Summary: A three-day strike led by the General Confederation of Lebanese Workers began Thursday, amid growing fears that the 2019 draft state budget would adversely affect public sector workers.

BEIRUT: A three-day strike led by the General Confederation of Lebanese Workers began Thursday, amid growing fears that the 2019 draft state budget would adversely affect public sector workers. "Today is the start of an outcry," GCLW President Bechara Asmar said after a meeting with Finance Minister Ali Hasan Khalil and Labor Minister Camille Abousleiman.

National institutions including Electricite du Liban, the National Social Security Fund, the Regie Libanaise des Tabacs et Tombacs, Ogero, the Litani River Authority and various water establishments completely closed down their operations as part of the strike.
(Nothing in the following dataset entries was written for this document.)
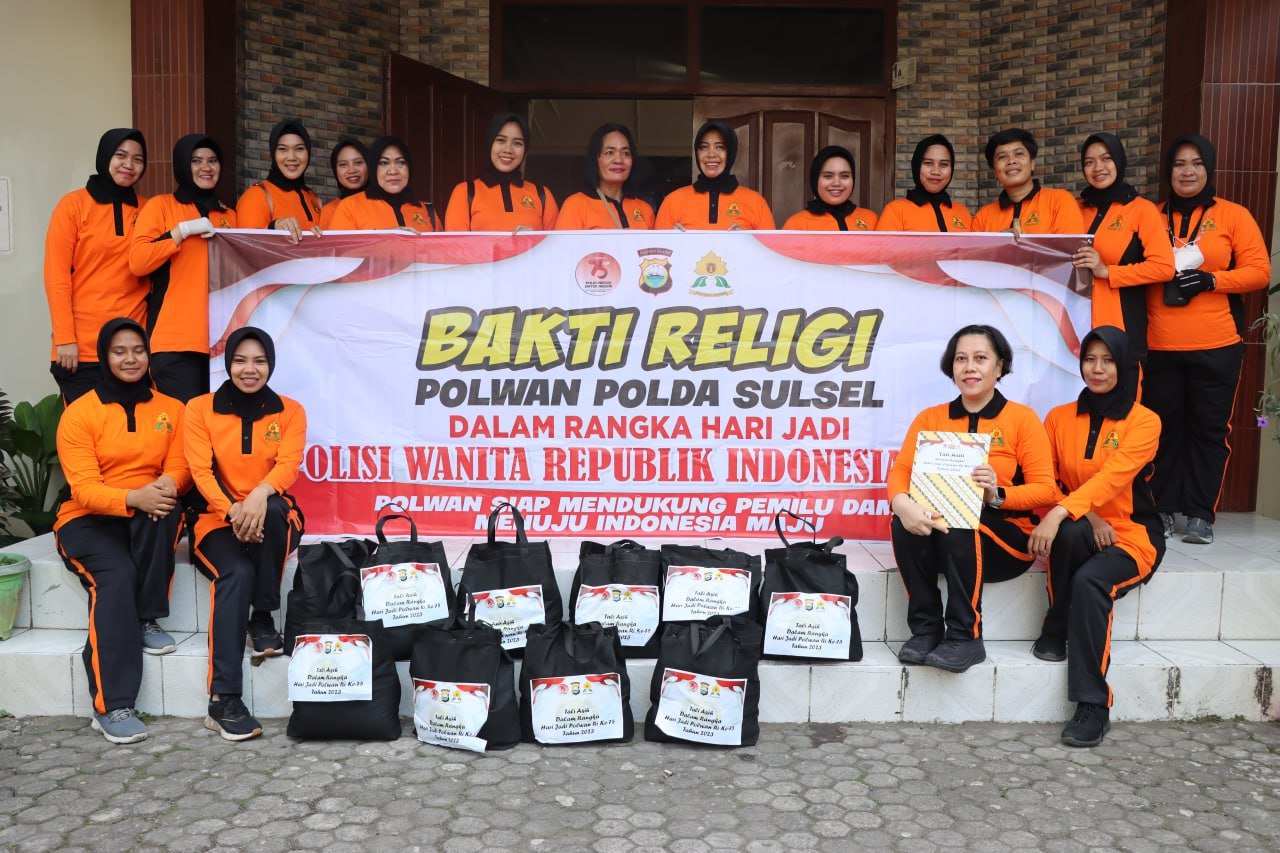 Polwan Polres Pelabuhan Makassar Polda Sulsel menggelar bakti religi dan bakti sosial dalam rangka menyambut HUT Polwan RI ke-75 serta upaya memupuk toleransi antar umat beragama, Rabu (16/08/2023).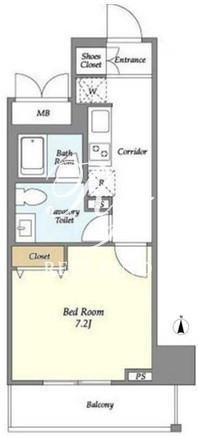 平米数 | 28.07m2 | 部屋詳細 | 洋室7.2帖/K2帖 |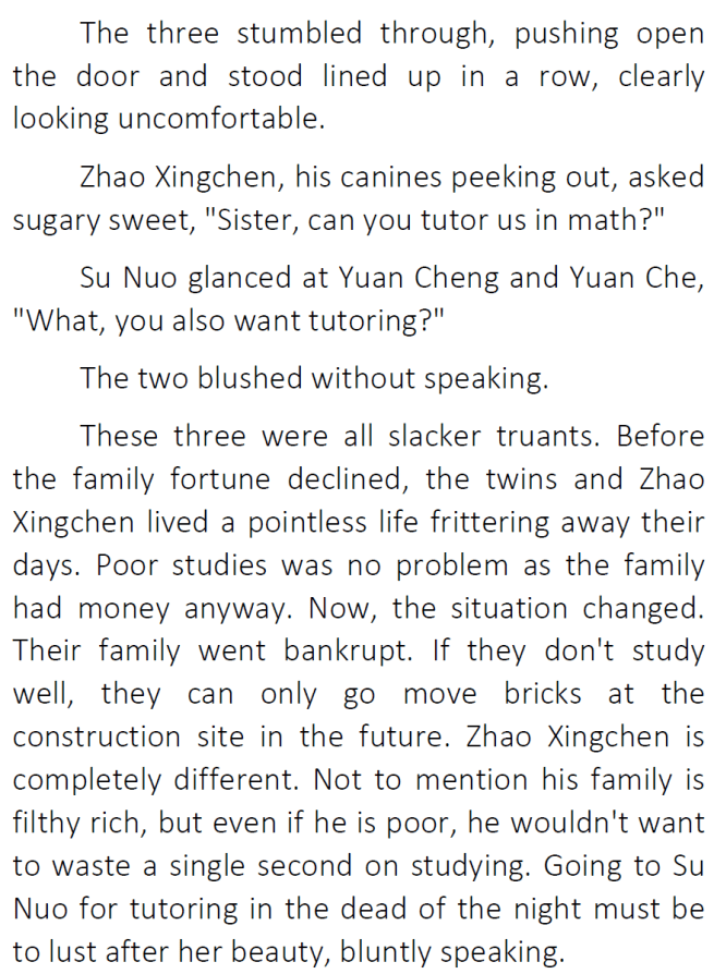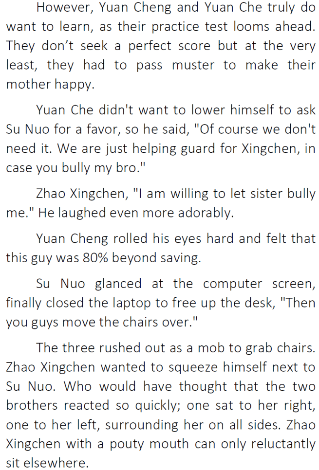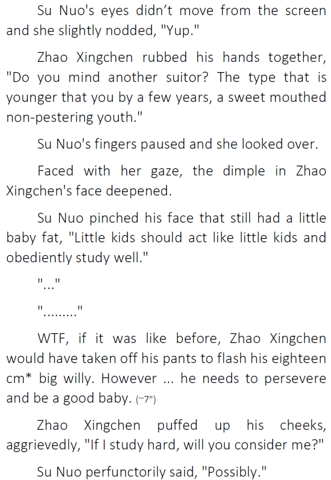 Zhao Xingchen’s crush on Su Nuo so far seems pretty cute, hasn’t crossed the boundaries of being inappropriate though I assume it can. The author has let her characters act within reasonable limits of how people really are. Yanderes/stalkers are really not that realistic though it does happen in real life.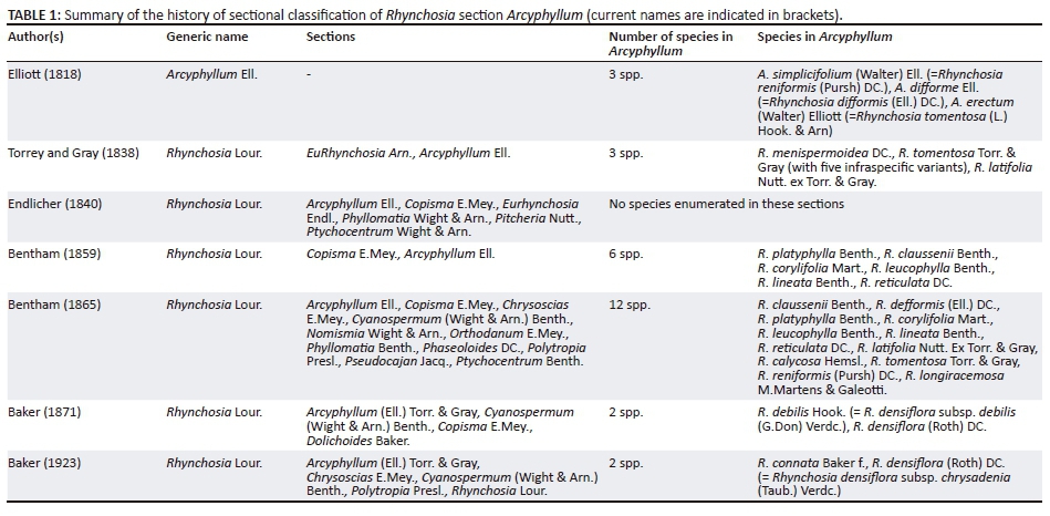 Bentham (1859) discussed ten South American species of Rhynchosia, of which four were newly described, treated in sect. Copisma comprising four species, viz. Rhynchosia phaseoloides (Sw.) DC., Rhynchosia minima DC., Rhynchosia senna Hook. and Rhynchosia lobata Desv., and sect. Arcyphyllum consisting of six species, viz. Rhynchosia platyphylla Benth., Rhynchosia claussenii Benth., Rhynchosia corylifolia Mart., Rhynchosia leucophylla Benth., Rhynchosia lineata Benth. and Rhynchosia reticulata DC. Bentham (1865) recognised 72 species of Rhynchosia worldwide and placed them in 11 sections [sect. Arcyphyllum (Ell.) Torrey & Gray (12 spp.), sect. Chrysoscias E.Mey. (4 spp.), sect. Copisma (30 spp.), sect. Cyanospermum Wight & Arn. (2 spp.), sect. Nomismia Wight & Arn. (3 spp.), sect. Orthodanum E.Mey. (4 spp.), sect. Phaseoloides Mart. (4 spp.), sect. Phyllomatia Wight & Arn. (2 spp.), sect. Polytropia Presl. (2 spp.), sect. Pseudocajan Jacq. (4 spp.) and sect. Ptychocentrum Wight & Arn. (5 spp.)]. These 11 sections were again presented by Taubert (1894), but he estimated that there were now more than 100 species. In his treatment of the Flora of Tropical Africa, Baker (1871) placed two African species (Rhynchosia debilis Hook. and R. densiflora DC.) in section Arcyphyllum based on their twining habit and the densely clustered flowers. The former species was reduced by Verdcourt (1971) to a subspecies of R. densiflora. In his revision of the genus in South Africa, Baker (1923) retained R. densiflora in this section and added a new species R. connata Baker f. The distinction between these two species was based on the shape of the terminal leaflet (broadly ovate and acuminate in R. densiflora and rhombic-ovate and obtuse in R. connata). A summary of the history of sectional classification of Rhynchosia section Arcyphyllum is presented in Table 1. Baker (1923) further merged sect. Copisma and sect. Orthodanum into sect. Eurhynchosia, now treated as sect. Rhynchosia.

"We are not fans of cutting off streets and striking. Our workers are the ones who are affected by the strikes," Asmar added, according to a Finance Ministry statement.

Asmar stressed the importance of discussions at the "governmental level" and praised Abousleiman's call for dialogue, "which is the only thing we demand as a workers' movement in light of a reform budget of this scale."

"[Abousleiman] has proposed a very developed point of view, and there may be points of common ground between the Finance Ministry and between us," he said.

Cabinet is expected to meet daily, at least till the weekend, until the draft budget is endorsed and referred to Parliament, as public sector workers close public institutions and independent businesses in protest against proposed cuts.

The Lebanese Communist Party erected tents in Riad al-Solh Square, outside the Grand Serail where Cabinet was meeting, in solidarity with striking workers. "The nation is for the workers. Down with capitalism," a large banner read.

Ships continued to leave and enter Beirut Port Thursday, but inspection of goods stopped as employees of the port's administration refused to come to work, according to the state-run National News Agency.

The Bekaa Water Establishment was one water provider that entirely closed its operations, in line with demands from the GCLW.

"Annual leave is an acquired right for workers which must not be reduced, considering that we are committed to increasing our weekly work by three hours, or 160 hours per year, without remuneration," a statement from the workers of the Bekaa Water Establishment read.

According to a leaked copy of the draft budget, ministers plan to cut paid leave days from 20 to 15 days per year. The establishment called on the finance minister to "delete any item in the 2019 draft state budget related to public institutional investors that has a negative impact on workers and their productivity."

"[We appeal to] the country's three top officials to intervene by correcting injustices against [state institutions] and protecting laws and public organizations," the statement said.

"As water workers we have full confidence in your leadership. ... We urge our colleagues to continue striking Friday. If the government does not respond by canceling all of the articles concerning us, there will be a general meeting Monday, May 6," the statement added.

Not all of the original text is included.